*** Opening Recorded data ***

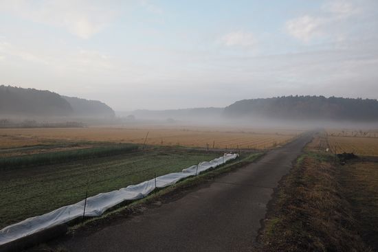 いつもの師戸川谷津道で印旛沼に向かいます。今日は暖かくて霜も無し。朝靄が出ています。
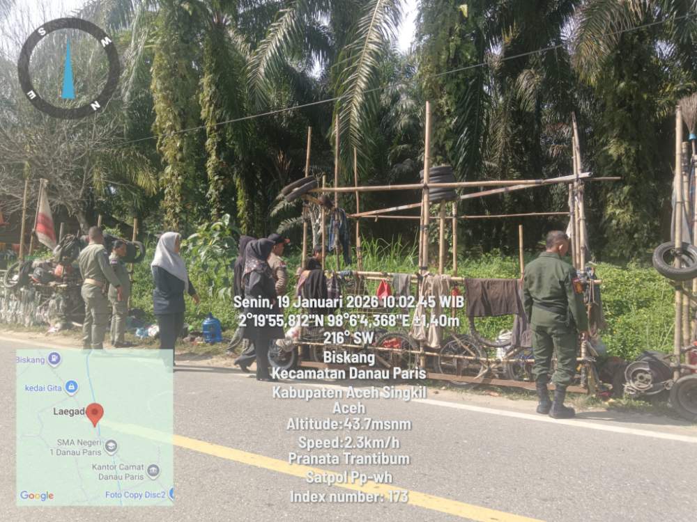 A1news.co.id|Aceh Singkil – Personil Satpol PP dan Wilayatul Hisbah (WH) menggelar aksi penertiban di sejumlah titik di wilayah Kecamatan Danau Paris pada Senin (19/1).
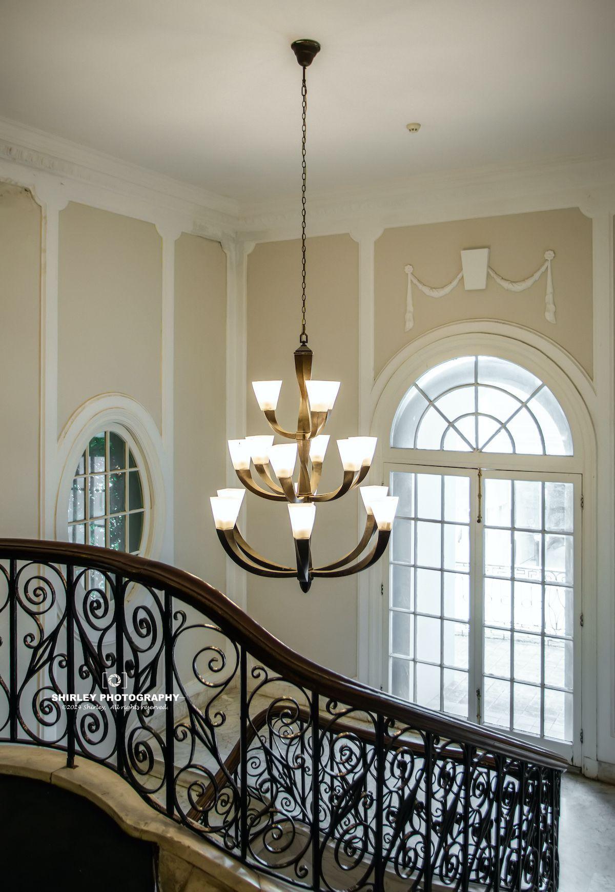 室內裝飾典雅精美。門廳爲黑白相間的大理石鋪地,淺色系的旋轉樓梯不見奢靡鋪張,倒有一絲意料之外的清新恬淡。獨特的橢圓窗戶外,是夏天特有的綠樹豔陽。
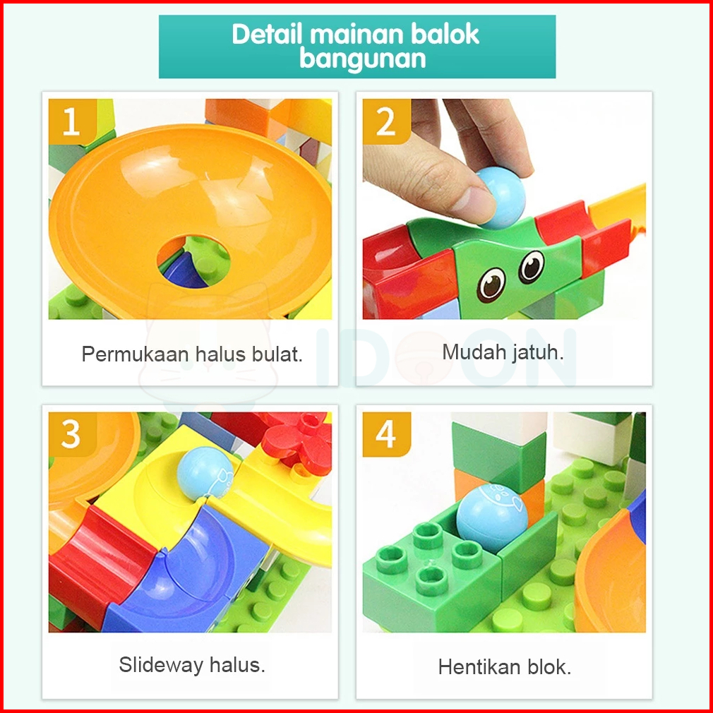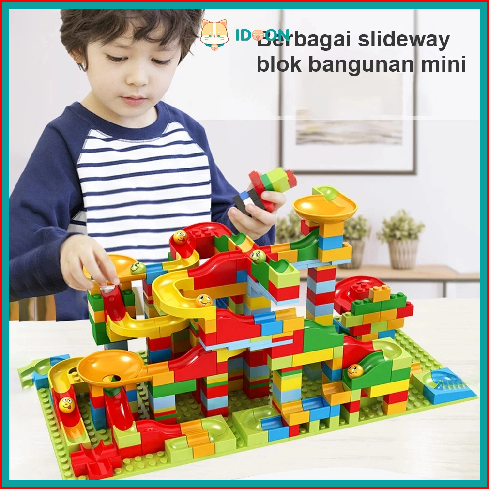 Idoon 168 Pcs Mainan Building Brick Edukasi Anak Marble Run Race Maze Block Balok Susun Track Slide Ball

*** Closing Recorded data ***

Exercise instructions -
Copy nothing but the lines from the top of the material through the line holding "室內裝飾典雅精美。門廳爲黑白", exactly as written; omit pictures.

Answer area -
 いつもの師戸川谷津道で印旛沼に向かいます。今日は暖かくて霜も無し。朝靄が出ています。
 A1news.co.id|Aceh Singkil – Personil Satpol PP dan Wilayatul Hisbah (WH) menggelar aksi penertiban di sejumlah titik di wilayah Kecamatan Danau Paris pada Senin (19/1).
 室內裝飾典雅精美。門廳爲黑白相間的大理石鋪地,淺色系的旋轉樓梯不見奢靡鋪張,倒有一絲意料之外的清新恬淡。獨特的橢圓窗戶外,是夏天特有的綠樹豔陽。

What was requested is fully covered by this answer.